Chapter 7 of 16 · 3988 words · ~20 min read

Part 7

The cloud of that day on the mountain still clung around his fancy as he went out upon the street again. A horrible something, as penetrable as mist, as keen as the sting of conscience, as inevitable as the burden of life, seemed to inwrap him. He felt it dully, and wondered how much of it was physical and how much mental, and he didn't care which it was.

He ate a little breakfast, though it was odious to him, and went out to meet again the lantern-jawed mountaineers, who, like him,--_like him_,--were drifting towards the Federal Building.

Yes, he was going to the court-room to be tried for a criminal offence; he was a criminal, a criminal, a criminal. It buzzed angrily through his head.

He stumbled over a child sitting beside his mother on the edge of the sidewalk in front of the post-office. The woman had her elbows on her knees and her face in her hands, and in her eyes was the look of waiting that comes to women with uncertain husbands. She cuffed the child, and then shook him to still the uproar she had created. Two more children sat on the curb beyond her, and beyond them, up Haywood Street, men leaned against the iron fence or squatted in pairs upon the sidewalk. Friedrich wondered how they kept their balance, and went on up the stairs, through pools of tobacco-juice, to the court-room, where the day's work already had begun.

He secured a seat, and leaned his head against the wall. A negro man, accused of fraudulently obtaining a pension, was explaining volubly how he had received the injury upon which he based his claim.

His case was given to the jury, which filed out, and the second set of men made themselves comfortable in the abandoned seats, with much scraping of chairs and of throats, and adjustment of cuspidors to the range of each juror.
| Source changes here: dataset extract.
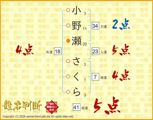 小野瀬さくらさんの総運は41画の5点!
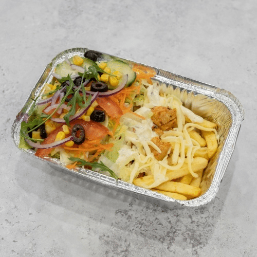 Champignons, paprika, ui, mais, feta kaas, keuze uit döner en kip met salade mix, frieten en saus naar keuze.

The case of the next prisoner, tried on a charge of a fraudulent use of the mails, lashed to frenzy the prosecuting attorney. He compared this foul violator of the laws of his country with Sextus and Benedict Arnold and Judas Iscariot. The national eagle had been insulted in his nest, and his screams were ringing from mountain-peak to mountain-peak. The echoes of Mitchell were sending back the cry, and Saint Elias's snowy top gave forth an answering sound.
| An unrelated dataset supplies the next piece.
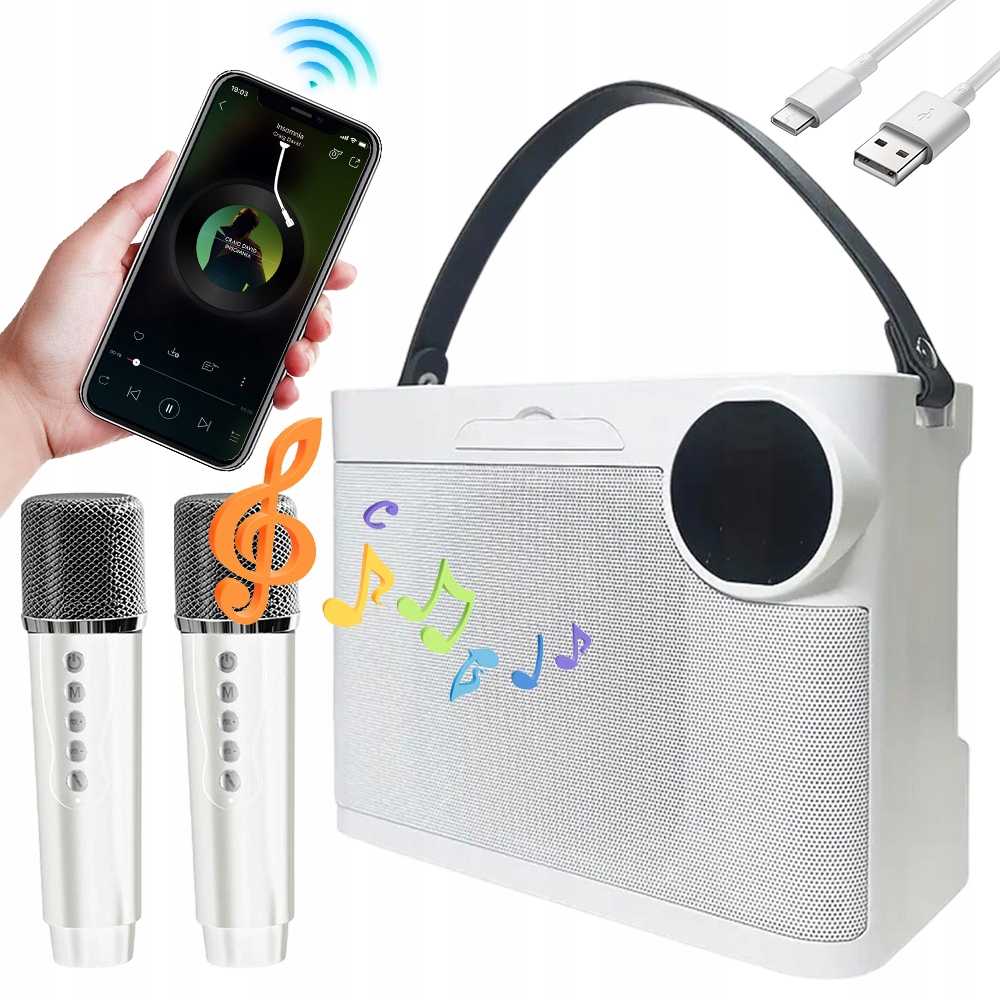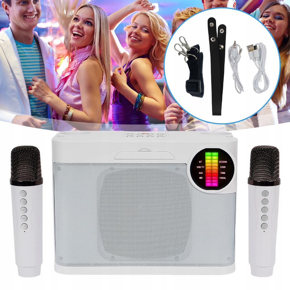 Організуйте незабутню вечірку вдома, на природі чи будь-де! Цей портативний караоке-колонка є центром розваг для вас, друзів і родини. Співайте під улюблені пісні за допомогою 2 мікрофонів, які входять у комплект, насолоджуйтесь чистим звуком із динаміка 10 Вт і розважайтеся з кольоровим освітленням і веселими голосовими ефектами! 🎶✨

Von Rittenheim understood enough of the rapid English to realize its irrelevancy, and wondered idly why the man was such a fool, not knowing that it was the presence of a visiting national senator from the hotel that had inspired this eloquence.

The air grew worse as more and more people pushed into the already crowded room. Some one opened a window, and some one else immediately begged to have it shut. There was a constant shuffling of feet and a restless moving of hands. Friedrich found himself smothered by the evil-smelling clothes of his companions as he sat against the wall, and he stood, to bring his head up into a clearer air. The steam in one of the radiators began to thump and clang, and each crash smote a raw nerve in his beating temple.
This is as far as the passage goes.